DOI: 10.1002/alz.071058 ISSN: 1552-5260

Are serial position effect patterns in the Repeatable Battery for the Assessment of Neuropsychological Status (RBANS) invariant across genders?

Julie A Suhr, Cardinal A. Do, Adrienne A. Jankowski
  • Psychiatry and Mental health
  • Cellular and Molecular Neuroscience
  • Geriatrics and Gerontology
  • Neurology (clinical)
  • Developmental Neuroscience
  • Health Policy
  • Epidemiology



Although more men are diagnosed with Mild Cognitive Impairment, more women are diagnosed with Alzheimer’s disease. Disparities in diagnosis may reflect a female advantage in verbal memory across the lifespan such that, when norms are collapsed across gender, women with subtle cognitive decline are not detected until further in the course of illness. Patterns of verbal memory performance, such as the serial position effect (SPE) may be invariant to gender and thus may minimize these diagnostic discrepancies. However, few studies have examined whether SPE patterns and their relationships to outcome are invariant to gender.

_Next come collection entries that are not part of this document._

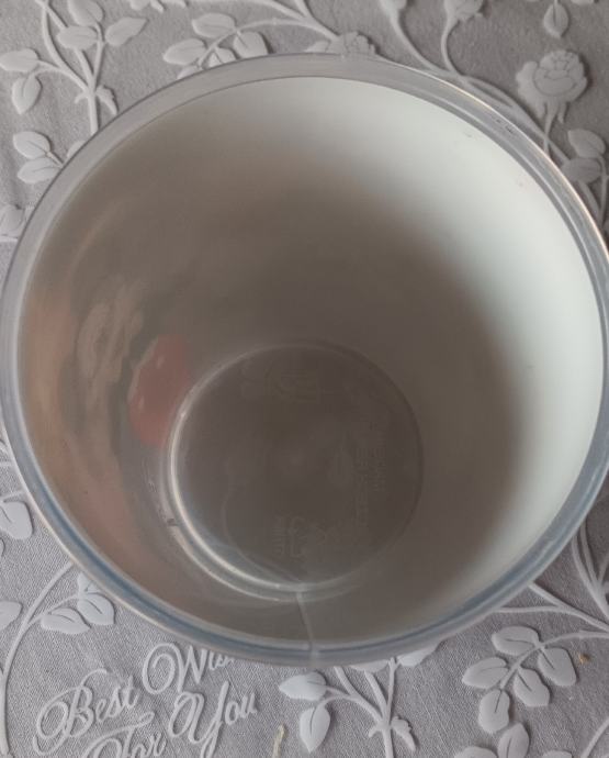 Caša visina 10,5 cm, dno fi 6 cm, otvor fi 8,5 cm.
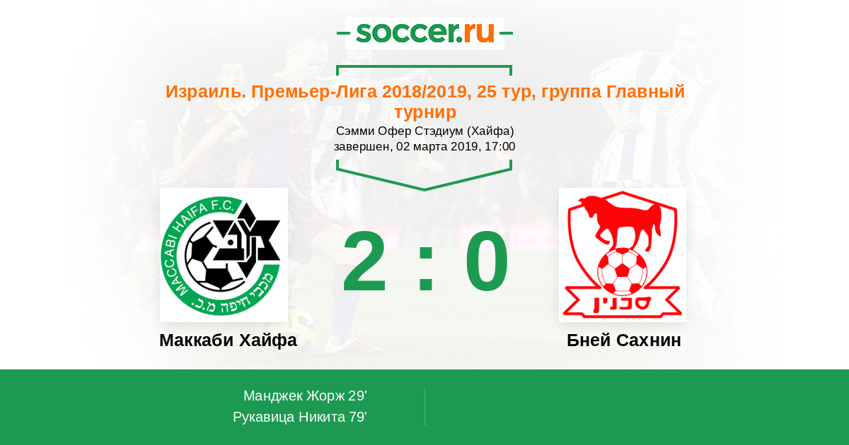 Протокол матча Маккаби Хайфа против Бней Сахнин
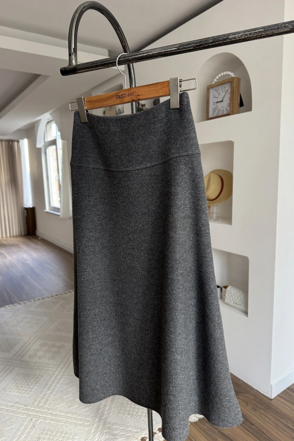 GENİŞ BEL SELANİK ÖRGÜ MİDİ PAMUK ETEK – ANTRASİT
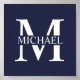 Monograma personalizado e presentes de nome que apresentam monograma branco personalizado no estilo de letra serif clássico com caixa de nome no meio do monograma em fundo azul marinho. Perfeito como decores caseiros, presentes para o lar, presentes de férias para a família, recém-casados e muito mais.
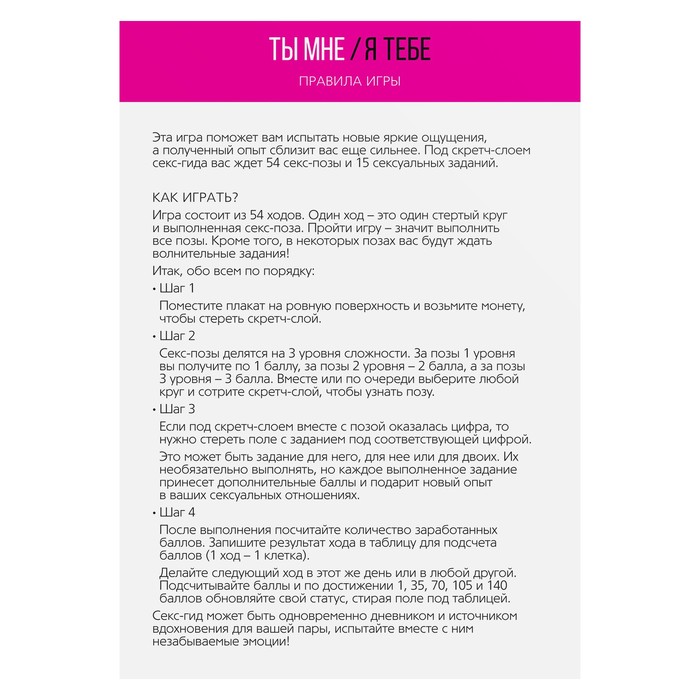 После выполнения задания посчитайте количество заработанных баллов. Запишите результат хода в таблицу для подсчёта баллов (1 ход — 1 клетка). Делайте следующий ход в этот же день или в любой другой. Подсчитывайте баллы и по достижении 35, 70, 105 и 140 баллов обновляйте свой статус, стирая поля на любовной шкале. Секс-гид может быть одновременно дневником и источником вдохновения для вашей пары. Испытайте вместе с ним незабываемые эмоции!
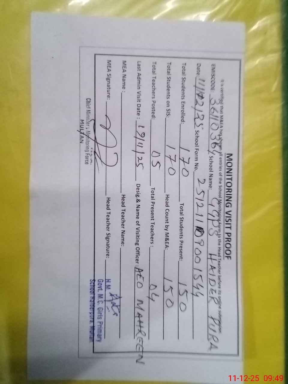 | EMIS Code: 36110364 | Name of School: GGPS MC HAIDER PURA | |||
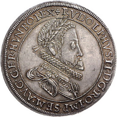 Los-Nummer: Auktion 51 - 2011 Haus Habsburg Haus Habsburg Rudolf II. 1576-1612, Taler o.J. (1604/05), Ensisheim. Brustbild mit Mühlsteinkragen nach rechts / Gekröntes vielfeldiges Wappen. Moser/Tursky 586 var, Voglhuber 95/1 var, Davenport 3032. Schöne Patina. Vorzüglich + Schätzpreis: 600,- Zuschlag: unverkauft |
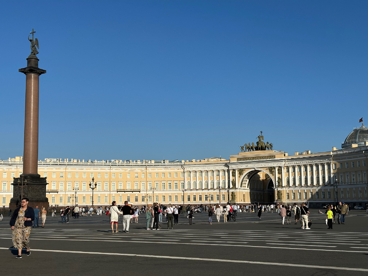 После Петропавловки, мы отправились… нет, не домой, я предложила Дане сходить на Дворцовую площадь. Наверное нет такого человека, который бы посетил Санкт-Петербург, и обделил вниманием это самое, на мой взгляд, притягательное место Питера. Знаете, в тот день я снова словила себя на одной мысли. Было уже под вечер (в 18.30 мы были в самом сердце города на Неве), и шли через Дворцовую площадь. Не по делам, а просто так, ноги сами понесли. И вот стоит она, вся в этом золотом вечернем свете, и дух захватывает. Не от масштаба даже (хотя, конечно, от него тоже), а от какой-то невероятной, накопленной за сотни лет энергии. И я подумала : мы же все про неё вроде бы всё знаем, да? Зимний дворец, Александрийский столп, арка Главного штаба. Открытка, по сути. Но на самом деле Дворцовая — она настолько живая, что любой голливудский блокбастер отдыхает. Вот смотрите. Представьте, вы выходите из-под арки на брусчатку. Под ногами — те самые камни, которые помнят и цокот карет, и гулкие шаги императ
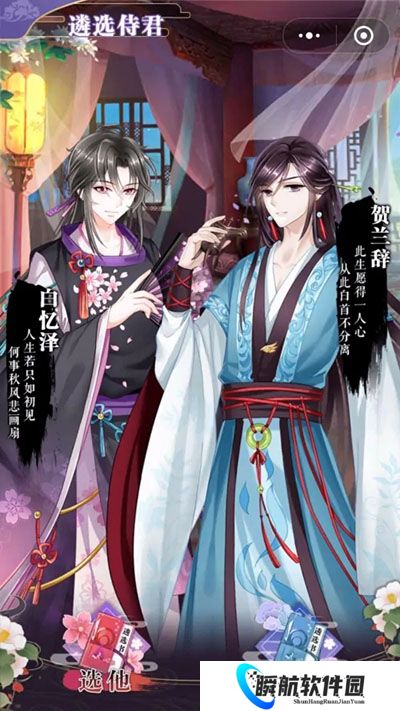 1、入游戏后一开始是选一个侍奉你的美男子,一个是叫白忆泽,一个叫贺兰辞,两个人随便选择一个都可以;
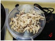 把沾好淀粉的蘑菇丝入锅炸三分钟,变硬即可。
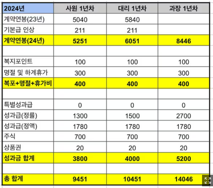 G2 매니저(대리급) : 약 1.0~1.1억
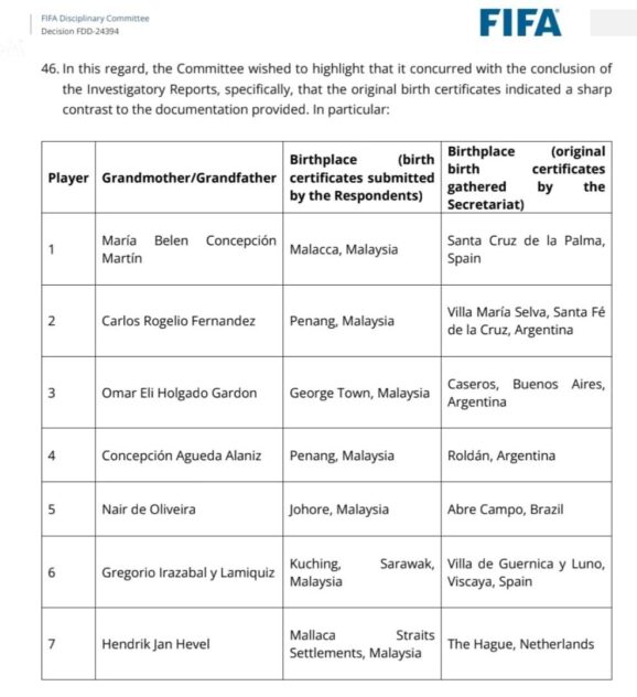 The evidence seems to suggest that the seven players were foreigners who may not have properly completed the naturalisation process. To meet FIFA’s registration deadline, the documents were allegedly falsified.
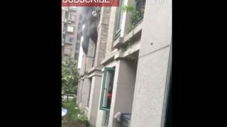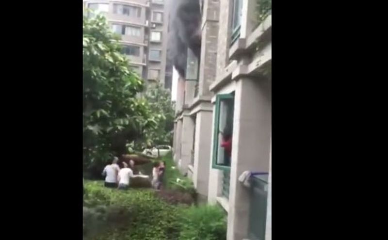 Un barbat din China si-a aruncat fetita de cativa ani pe geam pentru a se salva din incendiul care le cuprinsese apartamentul.
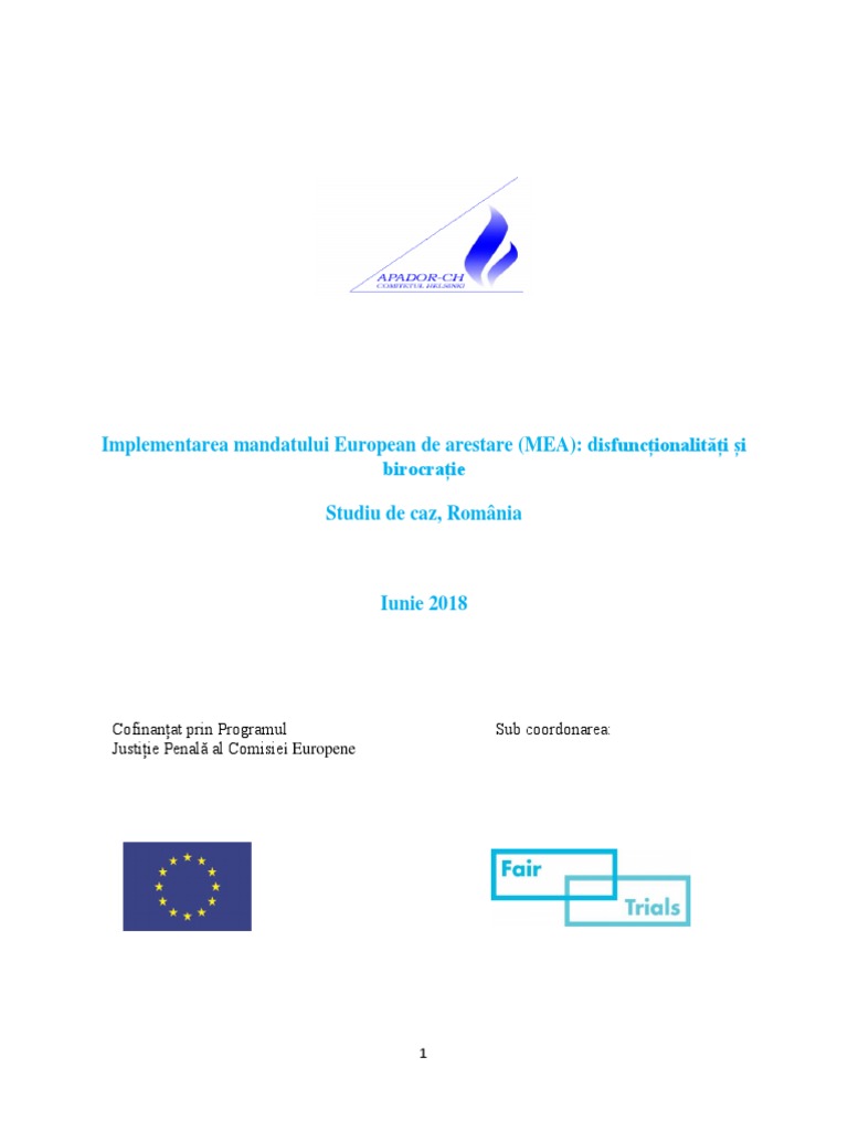 Implementarea Mandatului European De Arestare Mea Disfuncționalități și Birocrație Studiu De Caz Romania

338 adults 50 years of age or older participated in community dementia screening, which included the Repeatable Battery for the Assessment of Neuropsychological Status (RBANS). Average age was 66.9 years, 94% were white, and 67% identified as women. None had major neuromedical or neurodegernative diagnosis. RBANS List Learning was used to identify primacy, middle, and recency recall on Trial 1 and at delayed recall. We also calculated recency ratio (percent of recency words recalled at delay/percent recency words at Trial 1).


We identified expected SPE patterns for Trial 1 and at delayed recall; the patterns were invariant to gender. Primacy at Trial 1, middle of the list at Trial 1, and recency ratio all predicted RBANS Delayed Memory Index; there was no interaction with gender. Using cluster analysis, we divided the sample into those with better primacy than recency and those with better recency than primacy at Trial 1. Those with better primacy than recency on Trial 1 did better on the Delayed Memory Index; this was not moderated by gender. SPE findings were specific to delayed memory.


Results show that the SPE patterns identified on longer word list learning tasks can also be identified on a cognitive screening battery. Further, although traditional memory scores showed gender disparities, SPE patterns and relationships were invariant to gender.